The input -
● ● ● ●
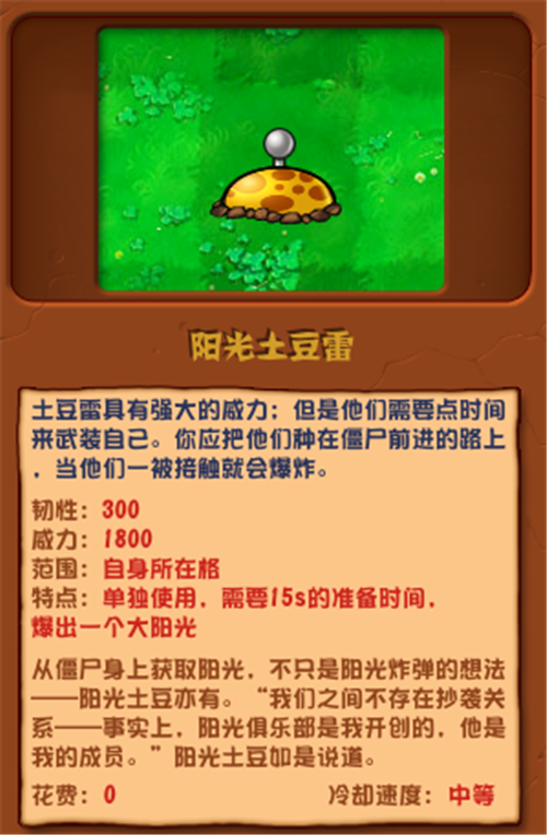- 阳光土豆雷:零成本炸僵尸,但对钢盔僵尸没用。
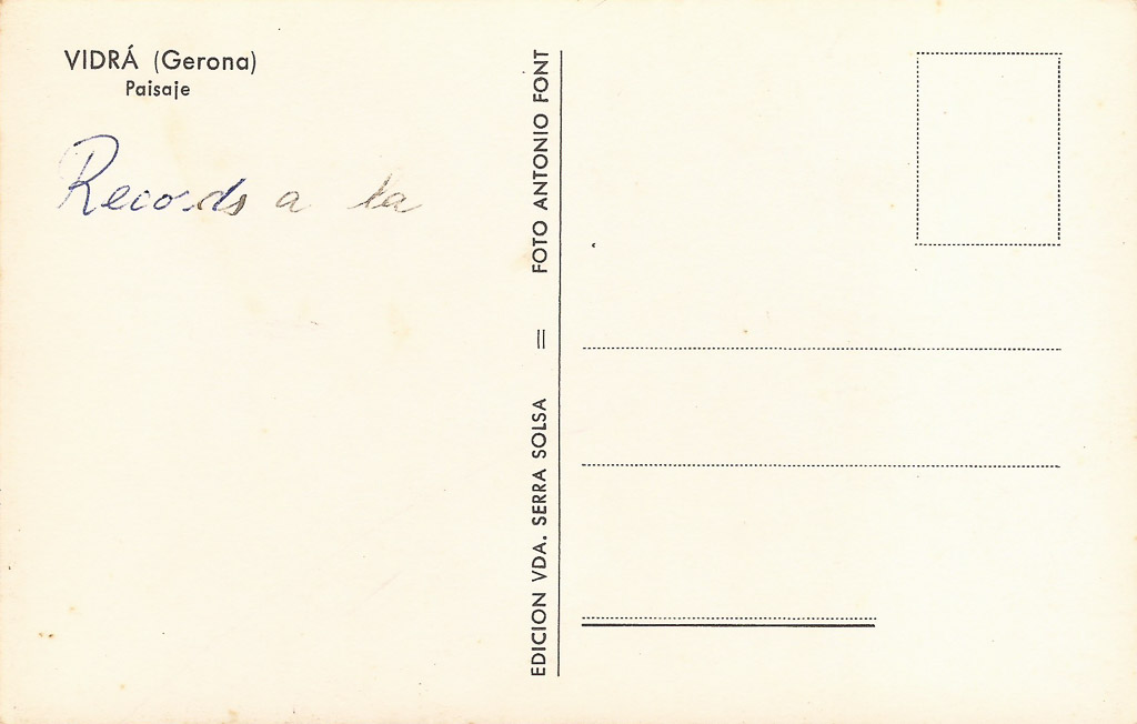 VIDRÀ: col·lecció de postals EDICION VDA. SERRA SOLSA - Foto ANTONIO FONT
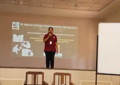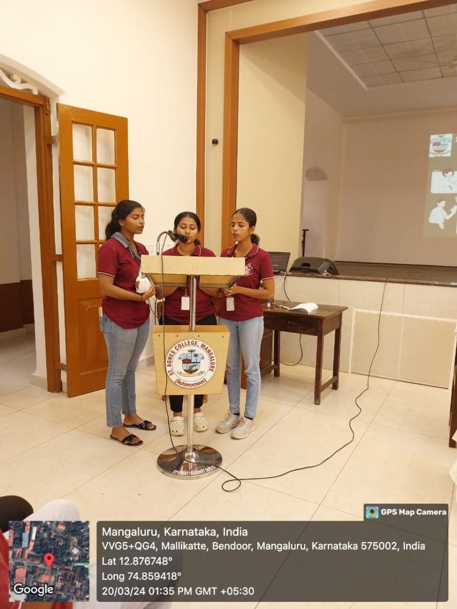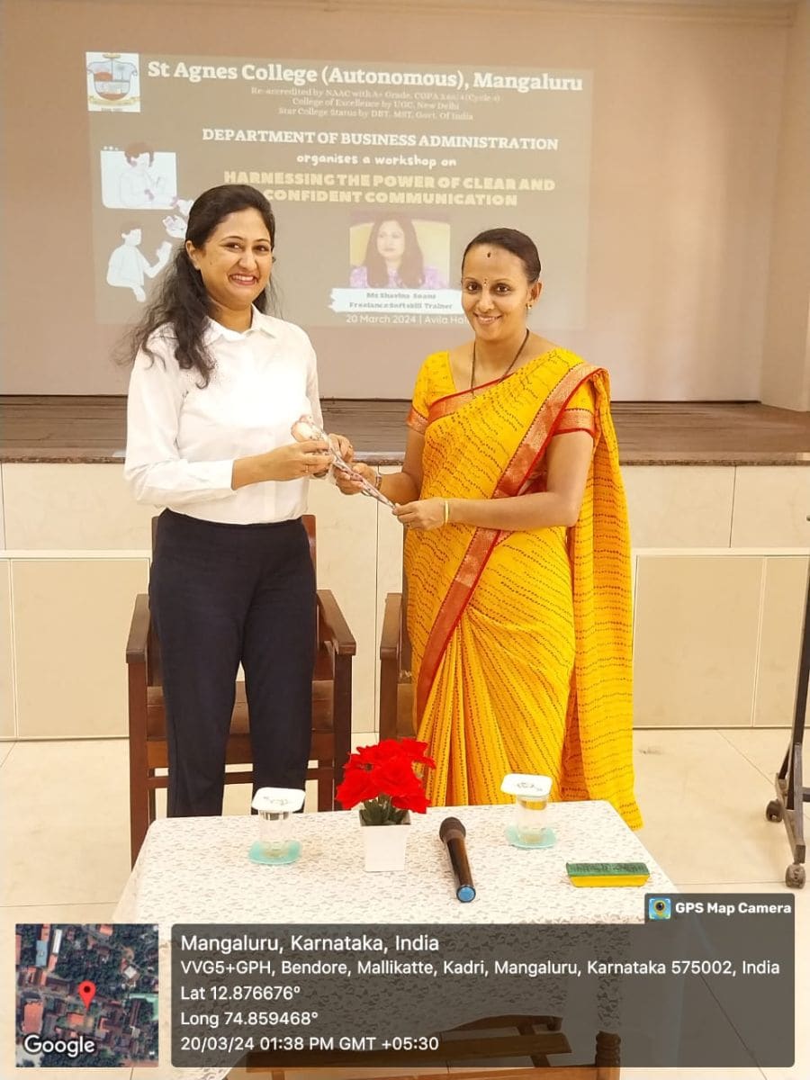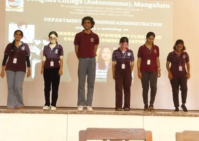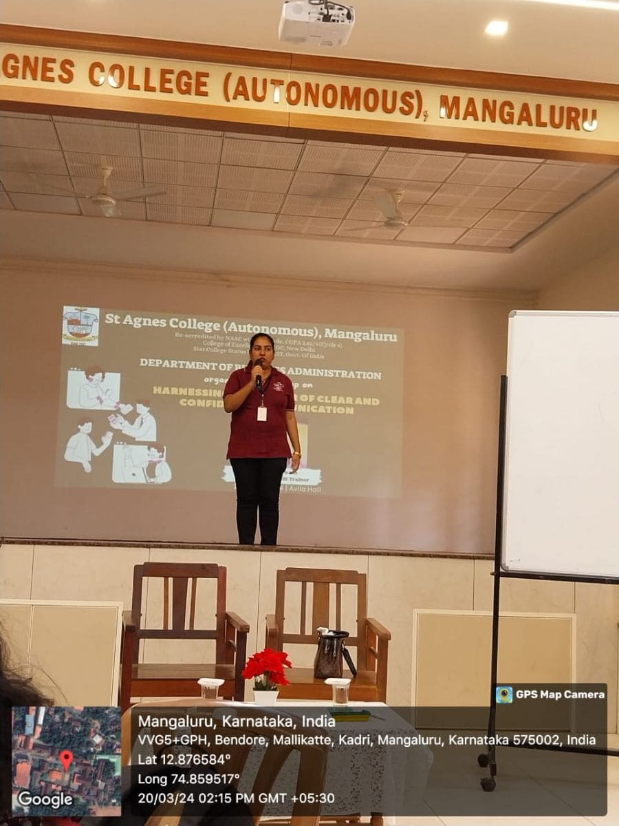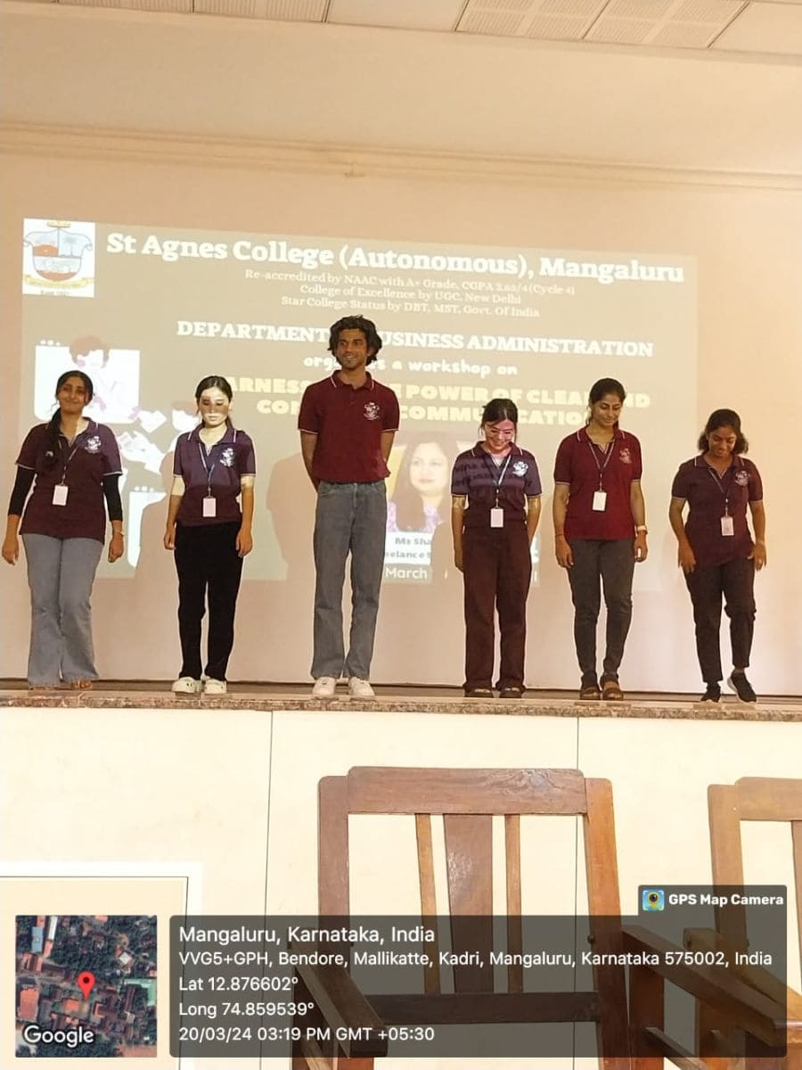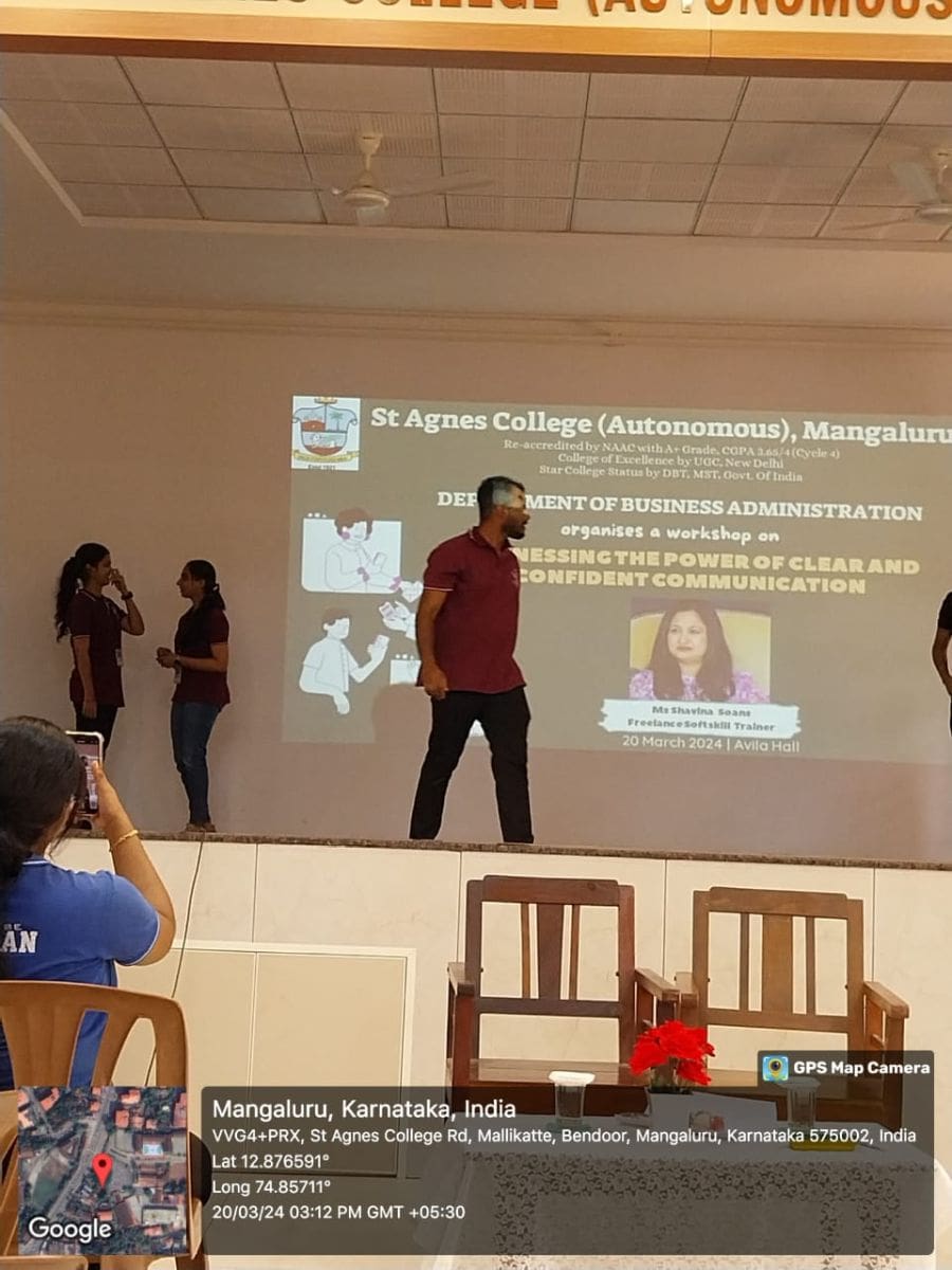 The Department of Business Administration, St Agnes College (Autonomous), Mangaluru organised a workshop on ‘Harnessing the Power of Clear and Confident Communication’ on 20 March 2024. The resource Person Ms. Shavina Soans, a freelance softskill trainer; started the session by dividing us into group of 14 with 7 people in each group. She conducted many activities, beginning with a communication game to understand the effect of poor communication. She explained the importance of body language, voice modulations, postures, presentation skills and many more. We were instructed to create our own tribe and enact it out on stage.
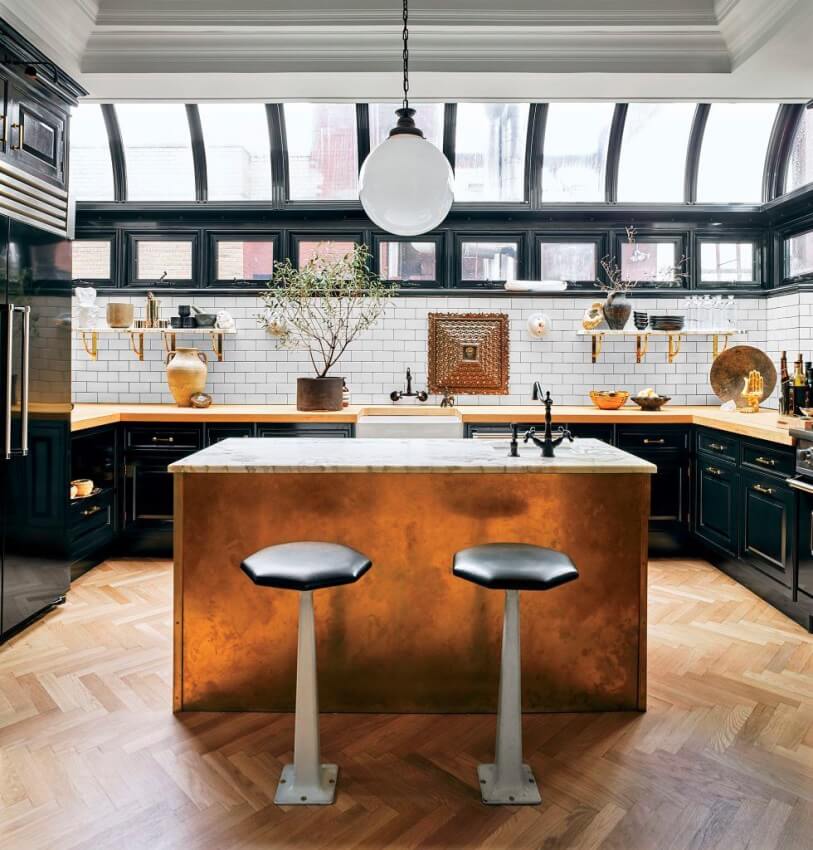 Свободный стиль лофт с кухней остров смотрится необычно стильно
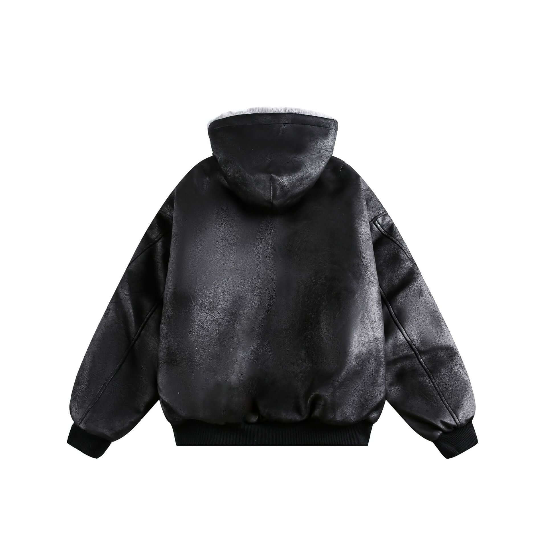 • Back view of Crack Pattern Leather Jacket – Loose Fit in black with hoodie, showcasing its unique crack-pattern design.
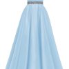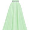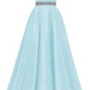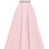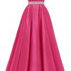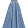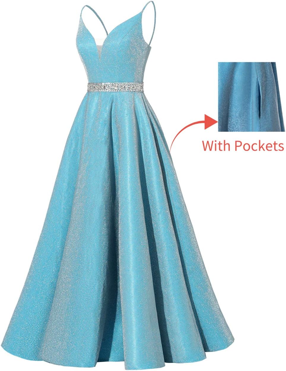 Spaghetti Straps Prom Dress Long Satin Beaded V-Neck Formal Evening Party Ball Gowns with Pockets
● ● ● ●
Your goal - From the line containing "Свободный стиль лофт" down to the last line of the data, print every line exactly and nothing else. Pictures stay out of the copy.

Result for this task -
 Свободный стиль лофт с кухней остров смотрится необычно стильно
 • Back view of Crack Pattern Leather Jacket – Loose Fit in black with hoodie, showcasing its unique crack-pattern design.
 Spaghetti Straps Prom Dress Long Satin Beaded V-Neck Formal Evening Party Ball Gowns with Pockets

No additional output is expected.